▶ [Brief]
Return, exactly as written, the lines of the material from its top through the line with "Native American Hopi", keeping pictures out.

-- Collected material follows --

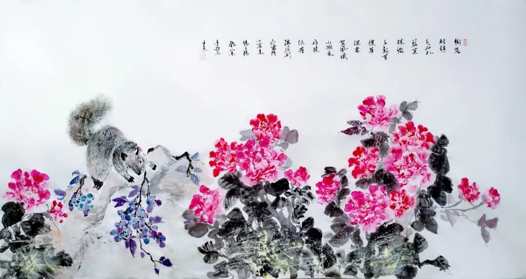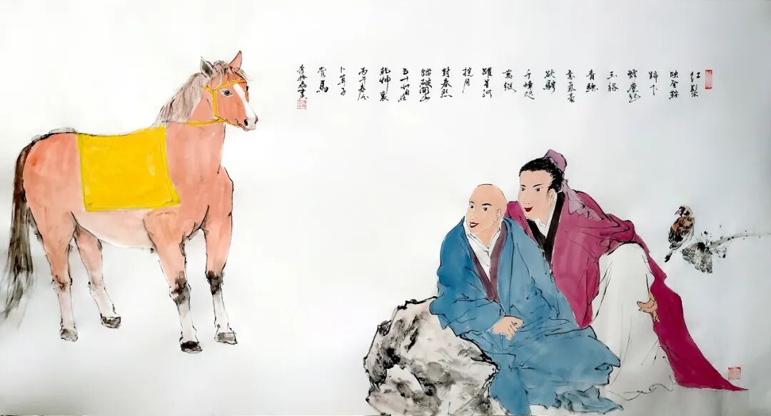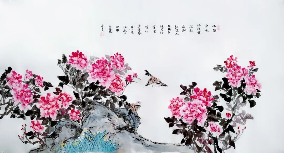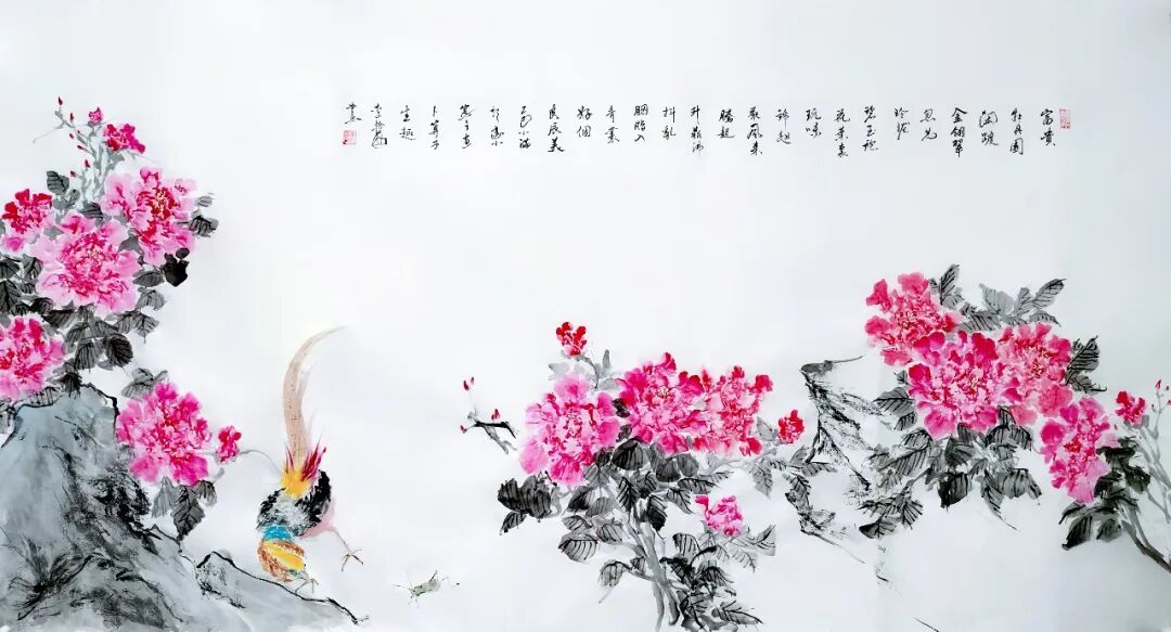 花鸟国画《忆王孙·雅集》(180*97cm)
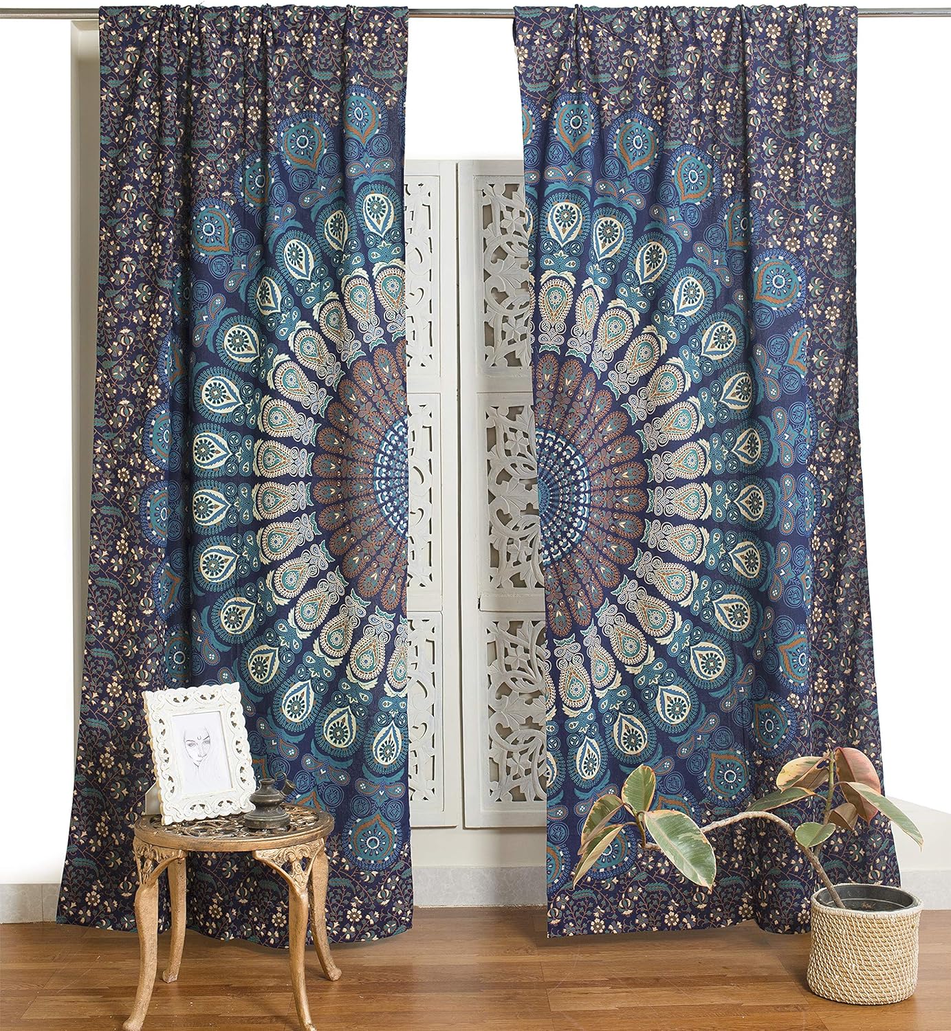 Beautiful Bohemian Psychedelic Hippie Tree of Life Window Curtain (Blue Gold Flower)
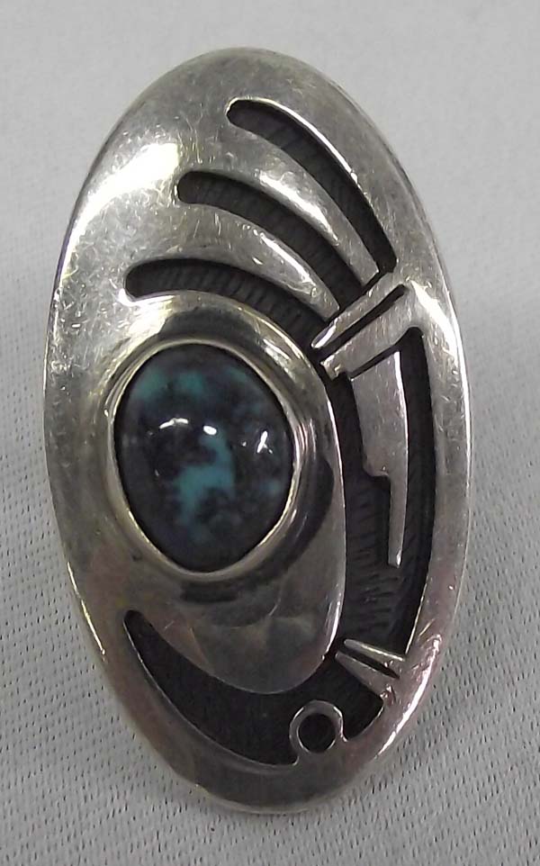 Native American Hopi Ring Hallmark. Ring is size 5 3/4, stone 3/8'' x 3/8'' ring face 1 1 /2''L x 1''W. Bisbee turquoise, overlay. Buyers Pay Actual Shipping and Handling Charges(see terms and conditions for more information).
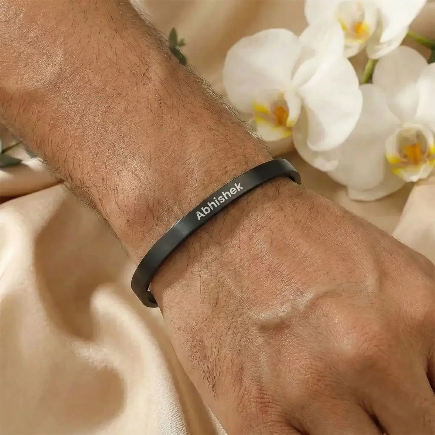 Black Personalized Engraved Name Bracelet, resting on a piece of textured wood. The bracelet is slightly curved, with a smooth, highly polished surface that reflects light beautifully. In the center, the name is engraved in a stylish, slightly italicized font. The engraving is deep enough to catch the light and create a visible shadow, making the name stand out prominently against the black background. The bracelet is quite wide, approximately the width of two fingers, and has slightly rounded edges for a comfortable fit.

-- Collected material concluded --

▶ [Response]
 花鸟国画《忆王孙·雅集》(180*97cm)
 Beautiful Bohemian Psychedelic Hippie Tree of Life Window Curtain (Blue Gold Flower)
 Native American Hopi Ring Hallmark. Ring is size 5 3/4, stone 3/8'' x 3/8'' ring face 1 1 /2''L x 1''W. Bisbee turquoise, overlay. Buyers Pay Actual Shipping and Handling Charges(see terms and conditions for more information).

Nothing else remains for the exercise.